Accessibility Scan Detection Rate

The accessibility scan detection rate is approximately 25%, consistent across browser, API, and open-source scanners. The remaining 75% requires human evaluation.

Accessibility scans detect approximately 25% of accessibility issues. The remaining 75% requires human evaluation by an accessibility professional. This accessibility scan detection rate has remained consistent across scan categories, including browser-based scanners, API-based scanners, and open source command-line tools.

Accessibility Scan Detection Rate Overview
Key Point What It Means
Detection Rate Scans flag approximately 25% of accessibility issues on a given page or application
What Scans Evaluate HTML structure, CSS properties, and ARIA attributes that can be checked programmatically
What Scans Miss Keyboard operability, screen reader behavior, logical reading order, and context-dependent content
Implication for Conformance A clean scan result does not indicate Web Content Accessibility Guidelines (WCAG) conformance

What the 25% Includes

Scans work by loading a web page and running automated checks against WCAG success criteria. They evaluate the underlying code: HTML elements, CSS values, and ARIA roles and properties.

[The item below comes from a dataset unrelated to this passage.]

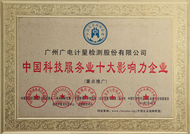 GRGT被評(píng)為“中國(guó)科技服務(wù)業(yè)十大影響力企業(yè)” 及 “中國(guó)計(jì)量檢測(cè)服務(wù)領(lǐng)軍品牌”

The types of issues scans reliably identify include missing alternative text attributes, incorrect heading hierarchy, missing form labels, duplicate element IDs, and language attribute omissions. These are issues where the presence or absence of a specific code pattern gives a clear pass or fail result.

Why 75% Requires Human Evaluation

Most WCAG success criteria depend on context, intent, or user experience rather than the presence of a single code attribute. A scan can confirm that an image has an alt attribute, but it cannot determine whether the text in that attribute accurately describes the image content.

Screen reader testing, keyboard testing, and visual inspection are needed to evaluate how content behaves in practice. Whether a modal traps keyboard focus correctly, whether a dynamic content update is announced to assistive technology users, or whether a custom component conveys its state are all determinations that require a trained evaluator.

How the Detection Rate Affects Automated Accessibility Strategy

The 25% detection rate means scans are one component of an accessibility evaluation strategy, not a substitute for one. Organizations that rely on scans alone operate with visibility into roughly a quarter of potential issues on their site.

Scans are most effective as a first pass before a full audit and as ongoing monitoring between audits. Scheduled scans, conducted daily, weekly, or monthly, catch regressions in the issues they can detect. New code deployments that break heading structure or remove form labels surface quickly through recurring scans.

A Clean Scan Does Not Mean Conformance

A scan that returns zero issues means the page passed automated checks, which cover approximately 25% of WCAG criteria. The remaining 75% is unexamined. Presenting a clean scan as evidence of WCAG conformance misrepresents the scope of the evaluation.

An audit conducted by an accessibility professional evaluates against the full set of applicable WCAG success criteria at a specified conformance level, typically 2.1 AA or 2.2 AA. That evaluation identifies issues across the complete range of criteria, including the 75% that scans cannot reach.

The accessibility scan detection rate of 25% is a useful benchmark for understanding where automated tools fit within a broader conformance program and where human expertise becomes necessary.